■ **Problem details**
Here the job is to transcribe the data verbatim while leaving each picture out.
+++ Raw data +++
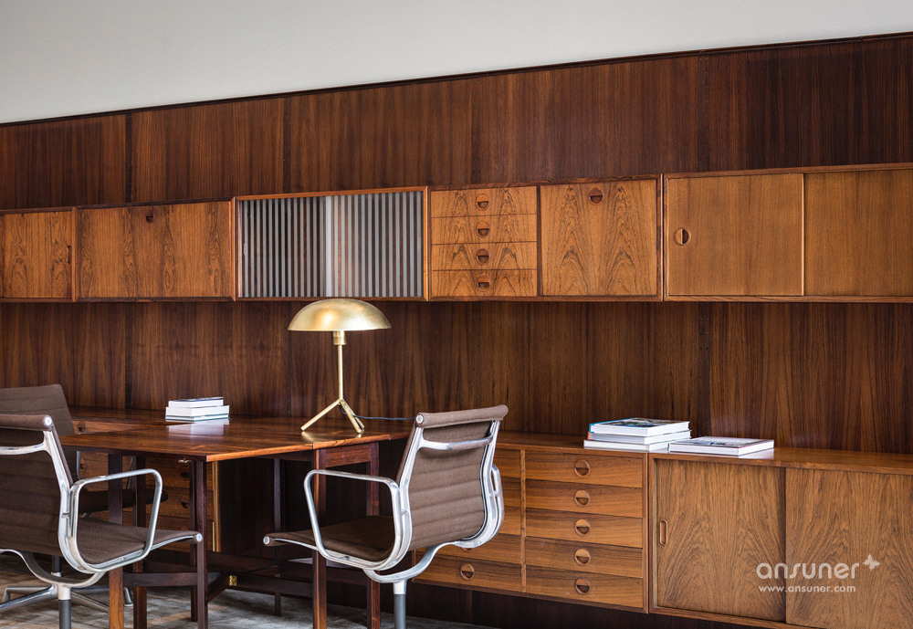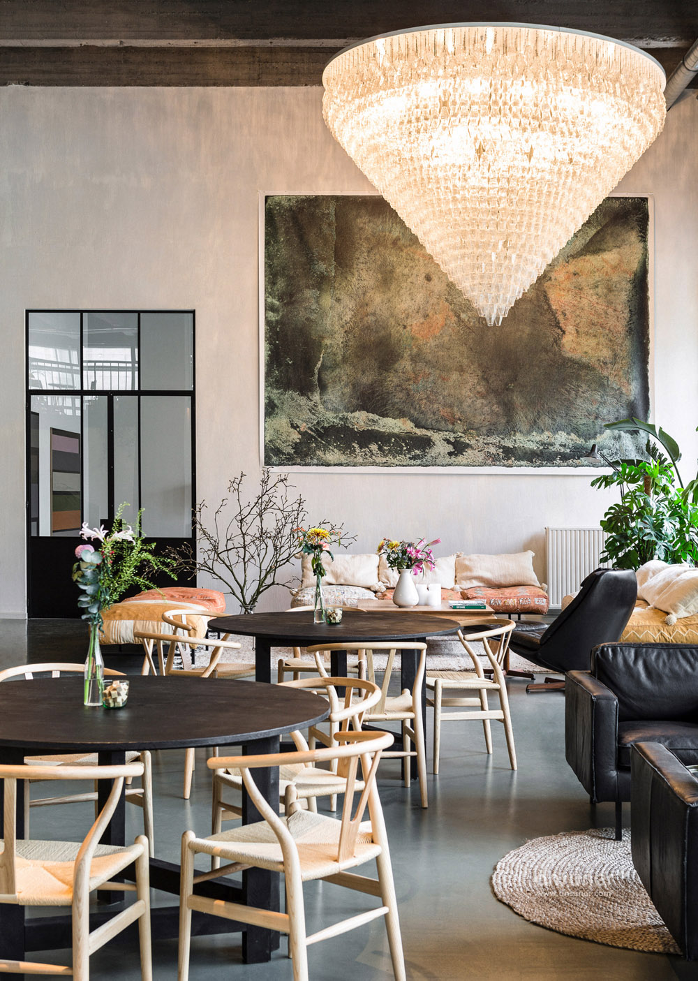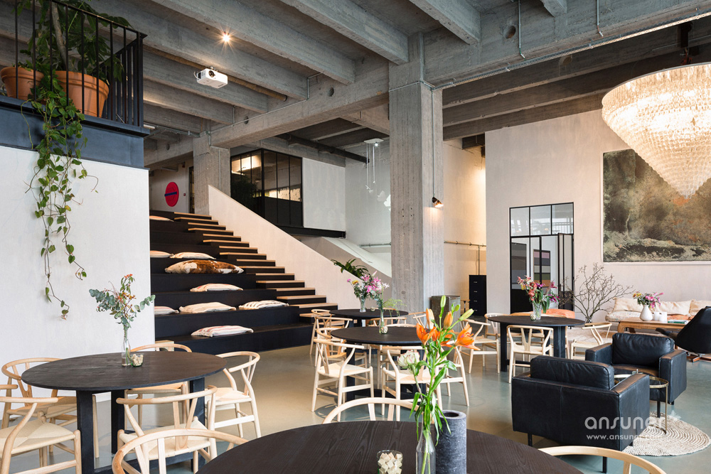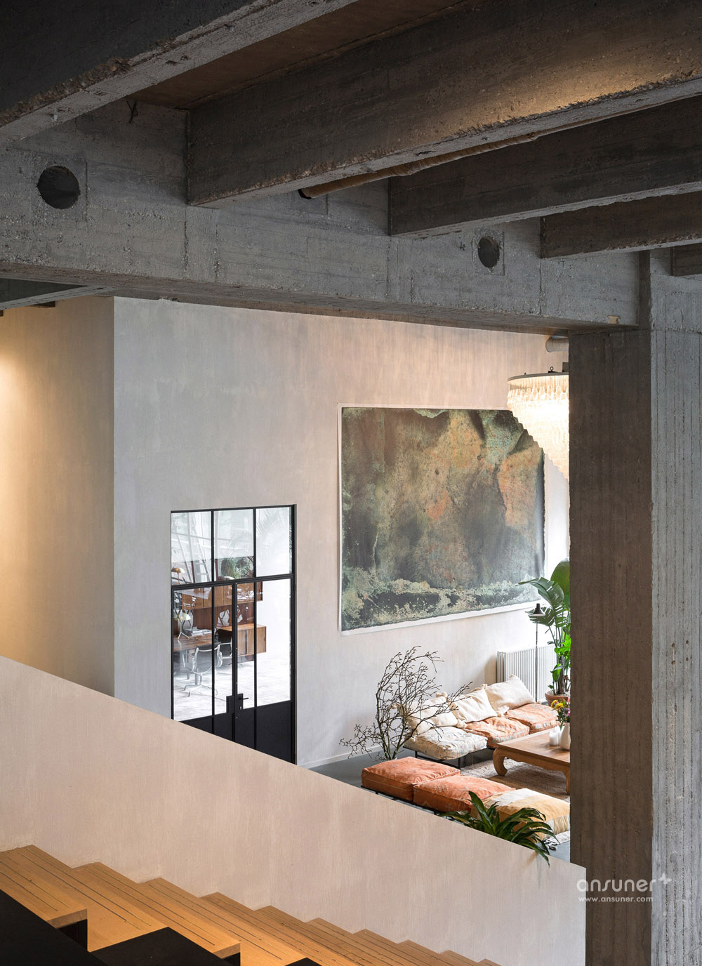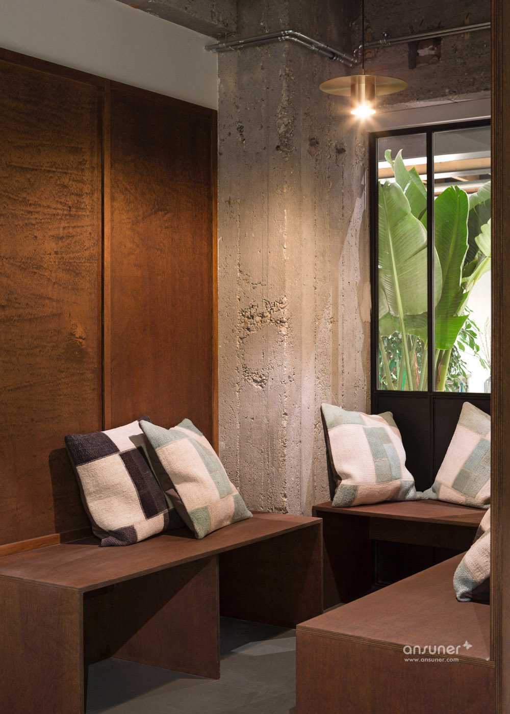 设计团队为这个空间定制设计了一些元素,比如由回收砖块和玻璃纤维制作的吧台。其它的如丹麦摩登傢俬、当代艺术作品和工艺品的完美混搭。漂亮的沙发来自比利时的家具品牌Journuit。
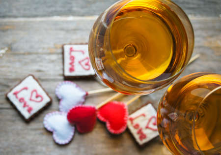 Glasses of white wine and cookies for Valentine's Day
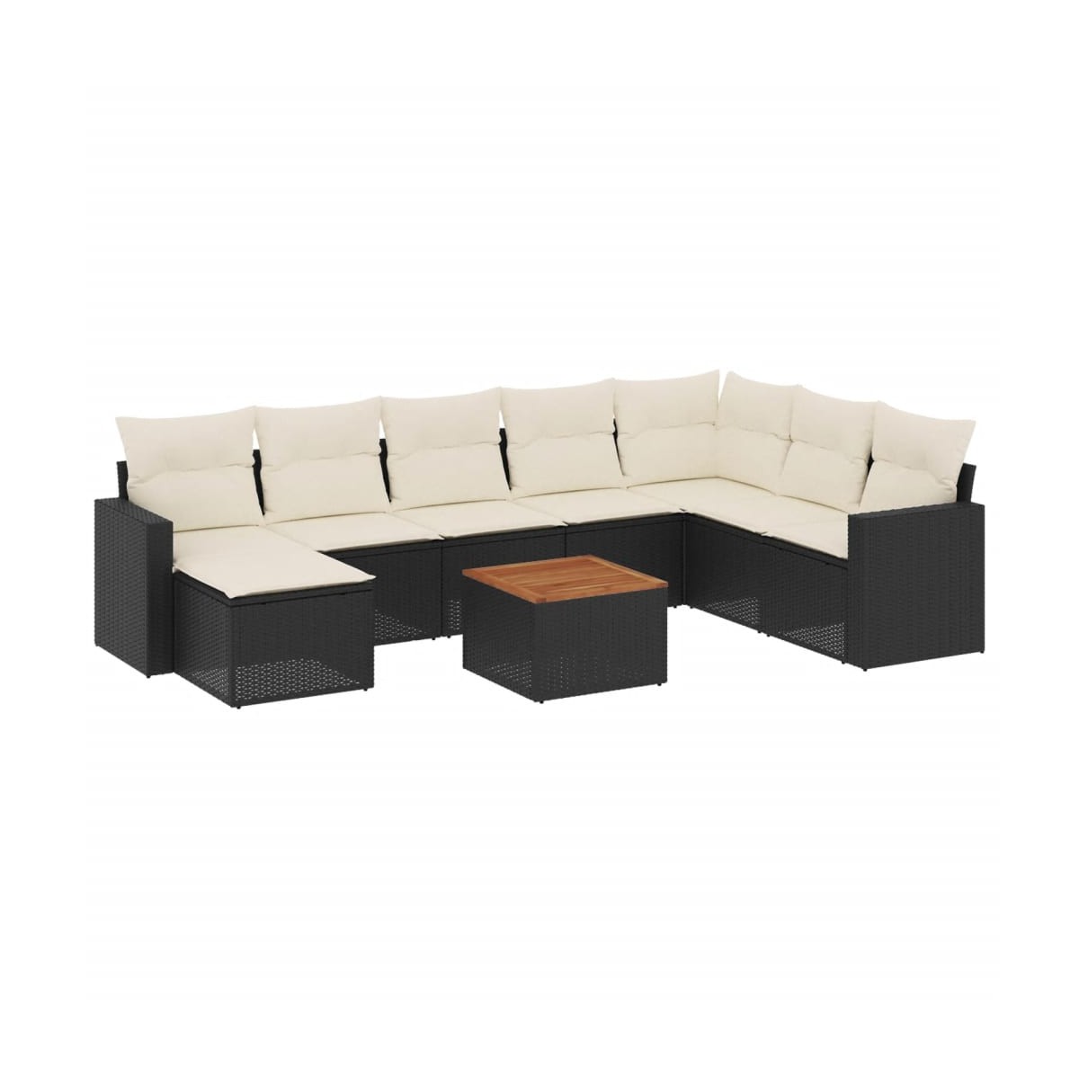 Este conjunto de sofás de jardín es el complemento perfecto para el jardín, terraza o patio, ya que proporciona un espacio confortable y acogedor para charlar con familiares y amigos o simplemente relajarte y disfrutar del aire libre. Material duradero: El ratán PE, también conocido como ratán sintético, es un material sintético resistente y de bajo mantenimiento que se parece al ratán natural. Es ligero, fácil de limpiar y se usa comúnmente para muebles de exterior debido a su durabilidad y propiedades resistentes a la intemperie.Función de almacenaje con bolsa impermeable: Cada asiento de jardín cuenta con espacio de almacenamiento debajo del asiento, completo con una bolsa resistente al agua para guardar cojines, juguetes y otros artículos. Las bolsas interiores tienen una cubierta superior y pueden fijarse firmemente a los asientos con cierres adhesivos para mayor estabilidad.Superficie estable y fácil de limpiar: Esta mesa de jardín tiene una superficie de madera de acacia que es resistente, duradero y fácil de limpiar con un paño húmedo.Práctica mesa auxiliar: Este mueble de exterior cuenta con una mesa auxiliar plegable con un resorte de gas en los reposabrazos, lo que proporciona un lugar conveniente para mantener tus elementos esenciales al alcance de la mano.Diseño modular: Este conjunto de muebles de exterior tiene un diseño modular, por lo que es completamente flexible y fácil de mover, para que puedas crear una disposición de muebles de exterior personalizada. Información útil:Para asegurarte de que tus muebles de exterior se mantengan hermosos, recomendamos protegerlos con una funda impermeable.
+++
■ **Your response**
 设计团队为这个空间定制设计了一些元素,比如由回收砖块和玻璃纤维制作的吧台。其它的如丹麦摩登傢俬、当代艺术作品和工艺品的完美混搭。漂亮的沙发来自比利时的家具品牌Journuit。
 Glasses of white wine and cookies for Valentine's Day
 Este conjunto de sofás de jardín es el complemento perfecto para el jardín, terraza o patio, ya que proporciona un espacio confortable y acogedor para charlar con familiares y amigos o simplemente relajarte y disfrutar del aire libre. Material duradero: El ratán PE, también conocido como ratán sintético, es un material sintético resistente y de bajo mantenimiento que se parece al ratán natural. Es ligero, fácil de limpiar y se usa comúnmente para muebles de exterior debido a su durabilidad y propiedades resistentes a la intemperie.Función de almacenaje con bolsa impermeable: Cada asiento de jardín cuenta con espacio de almacenamiento debajo del asiento, completo con una bolsa resistente al agua para guardar cojines, juguetes y otros artículos. Las bolsas interiores tienen una cubierta superior y pueden fijarse firmemente a los asientos con cierres adhesivos para mayor estabilidad.Superficie estable y fácil de limpiar: Esta mesa de jardín tiene una superficie de madera de acacia que es resistente, duradero y fácil de limpiar con un paño húmedo.Práctica mesa auxiliar: Este mueble de exterior cuenta con una mesa auxiliar plegable con un resorte de gas en los reposabrazos, lo que proporciona un lugar conveniente para mantener tus elementos esenciales al alcance de la mano.Diseño modular: Este conjunto de muebles de exterior tiene un diseño modular, por lo que es completamente flexible y fácil de mover, para que puedas crear una disposición de muebles de exterior personalizada. Información útil:Para asegurarte de que tus muebles de exterior se mantengan hermosos, recomendamos protegerlos con una funda impermeable.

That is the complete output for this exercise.